§ **What is needed**: Reproduce the whole listing word for word. Leave every image out.

§ **Information shown**:
========

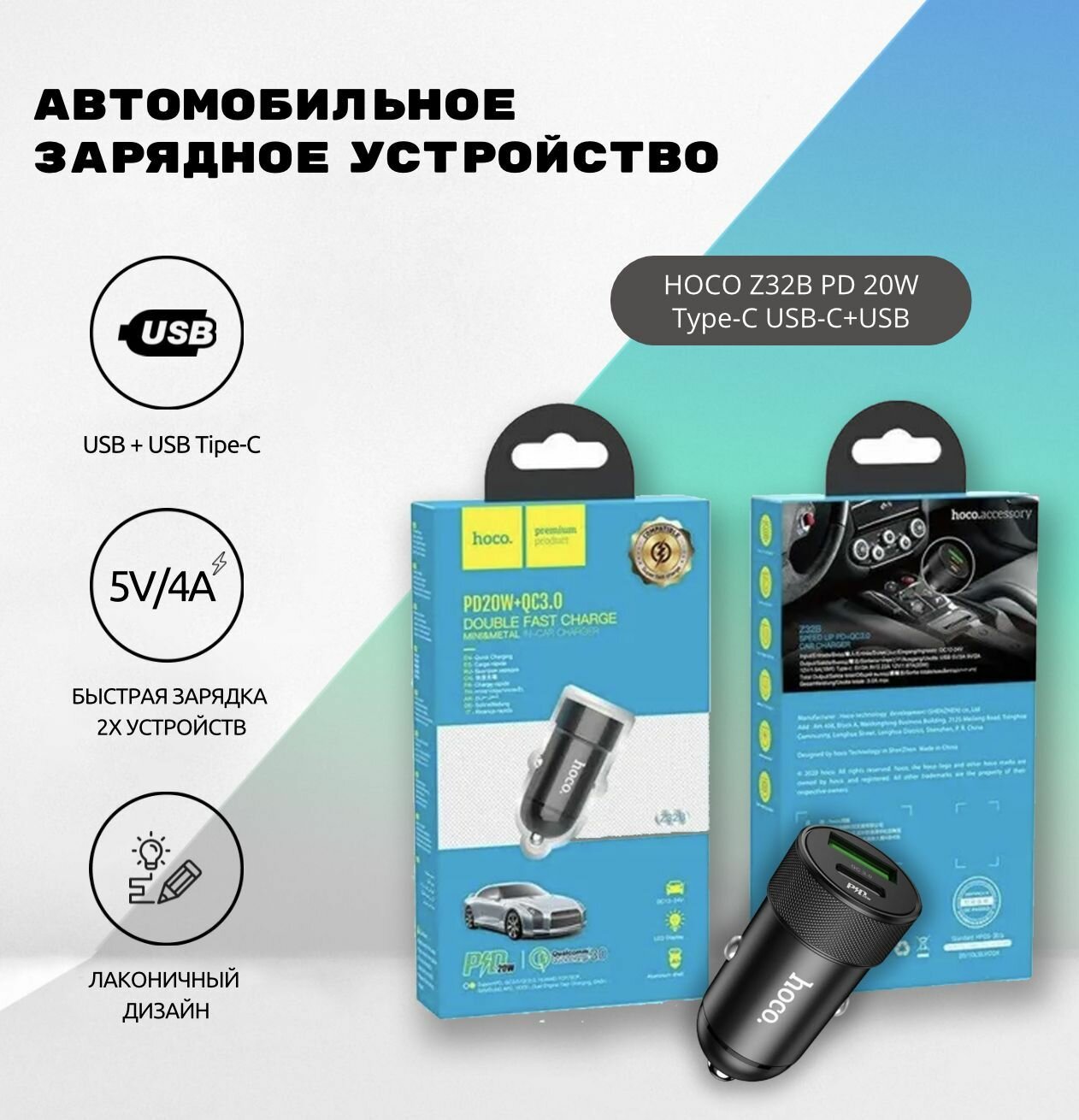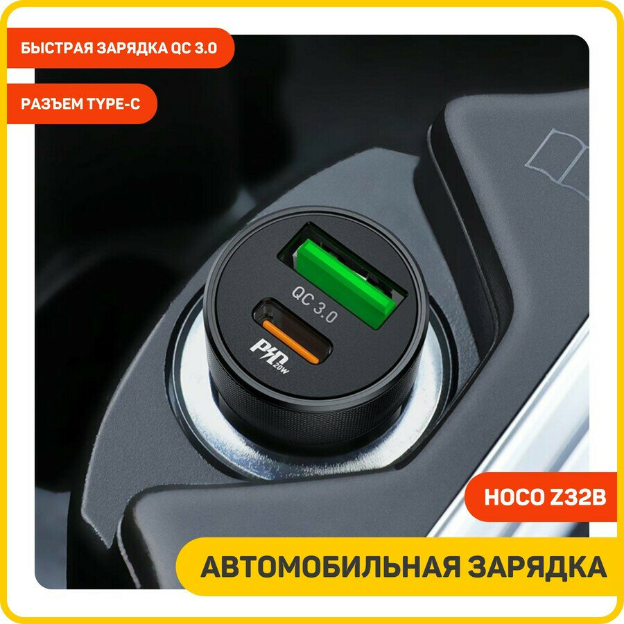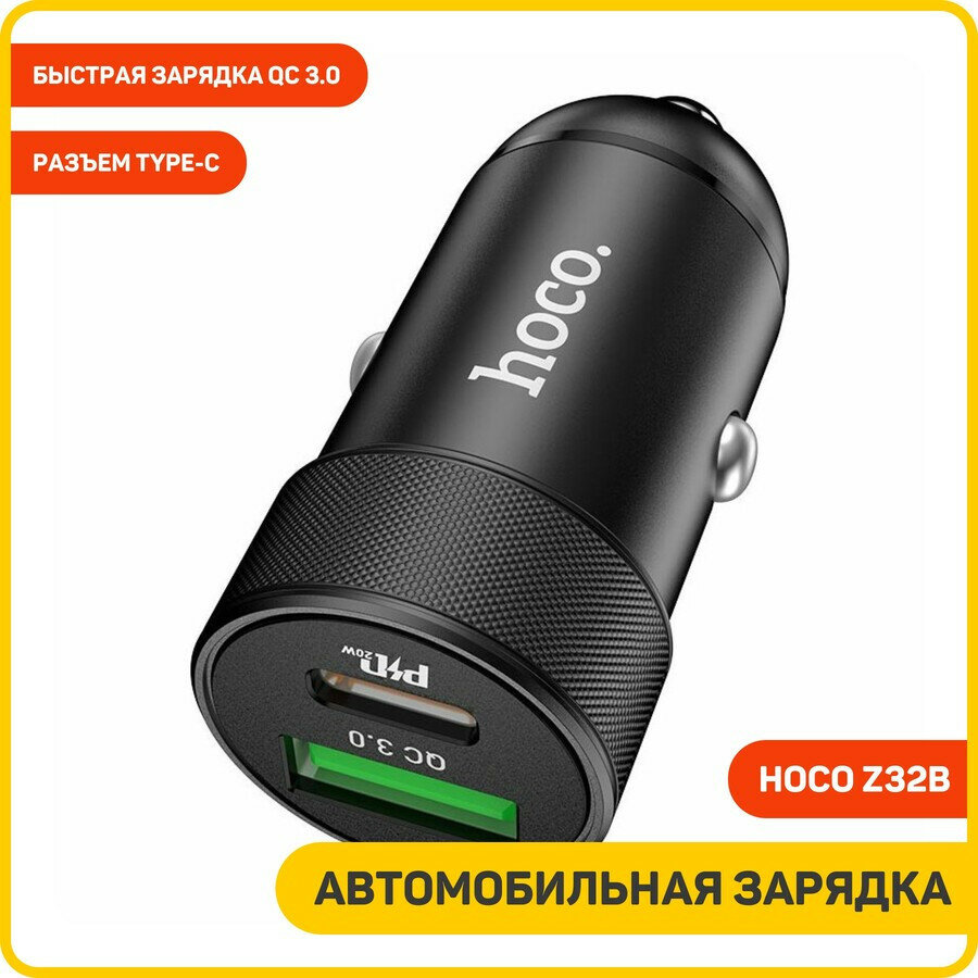 Купить Автомобильное зарядное устройство Hoco Z32B, 1 Type-C, 1 USB, 20 Вт, 4 А, PD + QC, чёрное
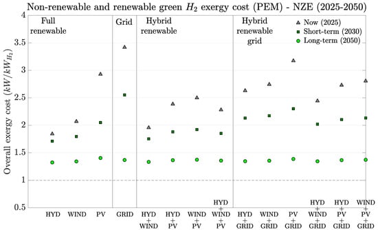 Calculating the exergy cost of electricity is more challenging compared to hydrogen. The reason is that electricity itself is an indispensable resource for the production of the infrastructure that generates electricity. Thus, the study of the cost of electricity is a dynamic process. This process has been studied previously [35], considering the chemical exergy of minerals, the ore grade declining of major metals for producing the electricity infrastructure, and the decrease in material intensity as a result of technological development. Thus, the electricity produced in a selected year is used to produce the following year’s infrastructure. Therefore, the more renewable energy is installed, the more renewable electricity is used in the manufacturing of the new infrastructure, accelerating decarbonization. Table 4 shows the results of the exergy cost of the electricity considering this aforementioned dynamic process by assuming different scenarios. We consider three different projections based on the IEA Scenarios, NZE, APC, and STEPS [39,40], which are evaluated for 2025 (current), 2030 (short term), and 2050 (long term). Furthermore, as stated in the introduction, we consider combinations of four different technologies: hydro (HYD), wind (WIND), photovoltaic (PV), and the electrical grid (GRID).
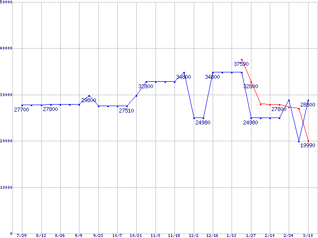 メモリ主要製品(最安値1万円以上)の最安値推移
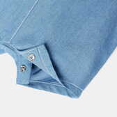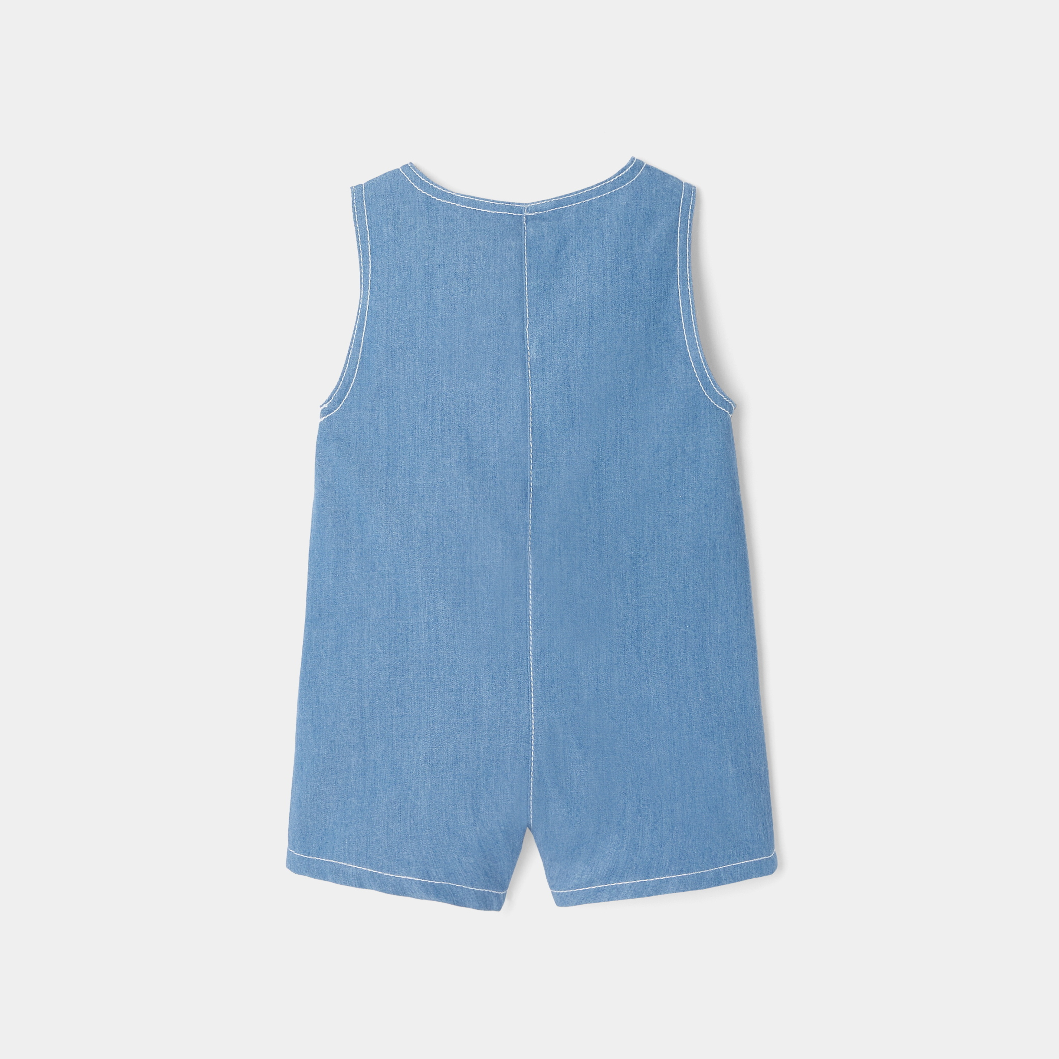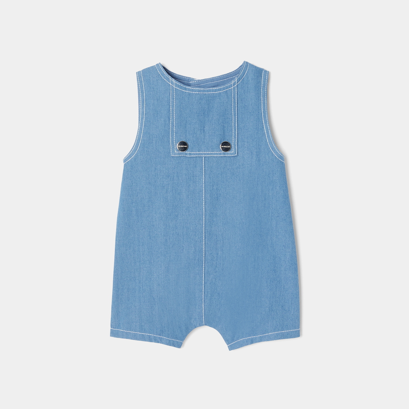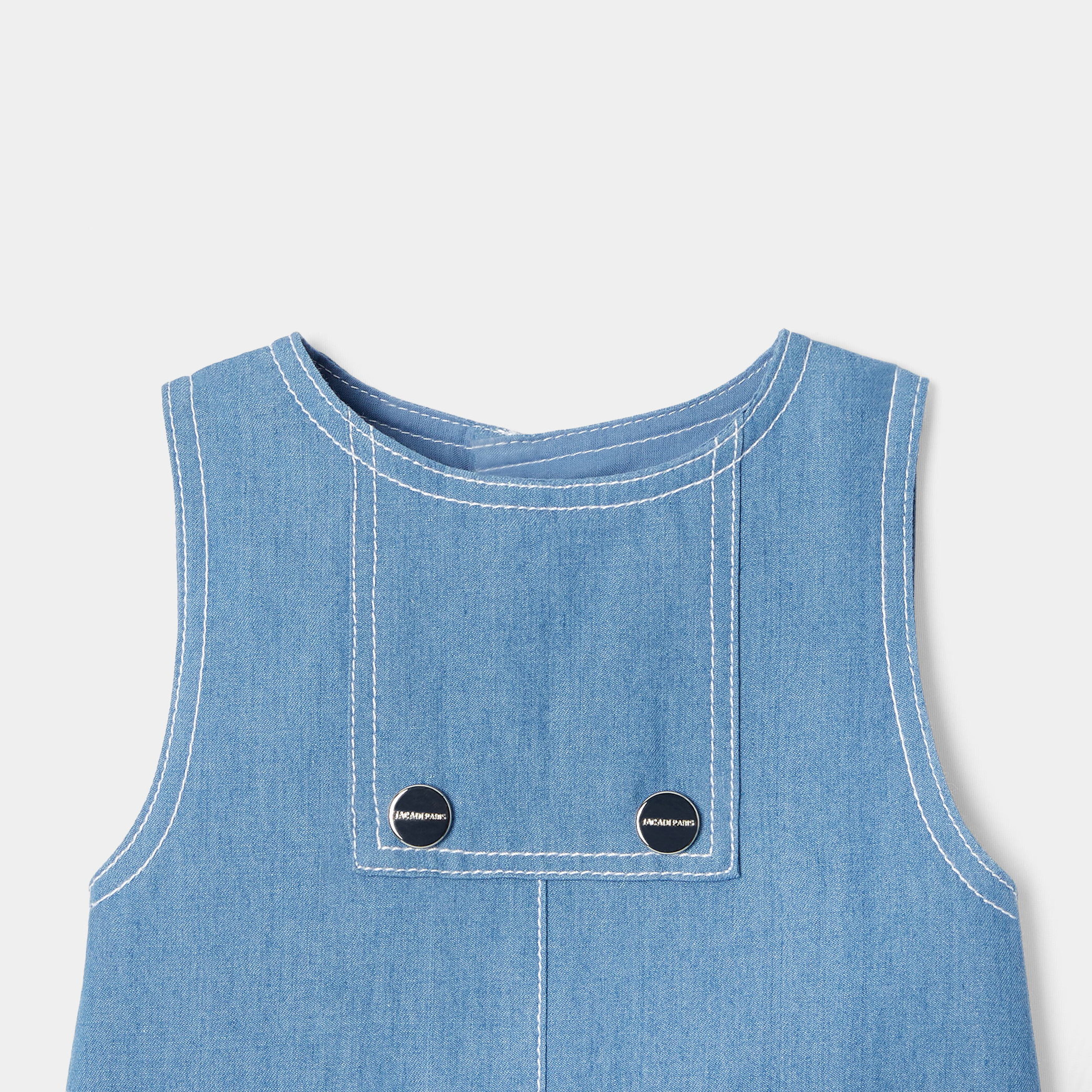 Immancabile per l'estate, un tessuto in denim dinamizza la salopette bimbo di questa stagione. In cotone biologico morbido e piacevole e ornato di uno scollo quadrato con automatici decorativi stile collo alla marinara, questo modello da indossare sopra un body a maniche corte è ideale per comporre il suo primo corredino estivo.

========

§ **Task output**:
 Купить Автомобильное зарядное устройство Hoco Z32B, 1 Type-C, 1 USB, 20 Вт, 4 А, PD + QC, чёрное
 Calculating the exergy cost of electricity is more challenging compared to hydrogen. The reason is that electricity itself is an indispensable resource for the production of the infrastructure that generates electricity. Thus, the study of the cost of electricity is a dynamic process. This process has been studied previously [35], considering the chemical exergy of minerals, the ore grade declining of major metals for producing the electricity infrastructure, and the decrease in material intensity as a result of technological development. Thus, the electricity produced in a selected year is used to produce the following year’s infrastructure. Therefore, the more renewable energy is installed, the more renewable electricity is used in the manufacturing of the new infrastructure, accelerating decarbonization. Table 4 shows the results of the exergy cost of the electricity considering this aforementioned dynamic process by assuming different scenarios. We consider three different projections based on the IEA Scenarios, NZE, APC, and STEPS [39,40], which are evaluated for 2025 (current), 2030 (short term), and 2050 (long term). Furthermore, as stated in the introduction, we consider combinations of four different technologies: hydro (HYD), wind (WIND), photovoltaic (PV), and the electrical grid (GRID).
 メモリ主要製品(最安値1万円以上)の最安値推移
 Immancabile per l'estate, un tessuto in denim dinamizza la salopette bimbo di questa stagione. In cotone biologico morbido e piacevole e ornato di uno scollo quadrato con automatici decorativi stile collo alla marinara, questo modello da indossare sopra un body a maniche corte è ideale per comporre il suo primo corredino estivo.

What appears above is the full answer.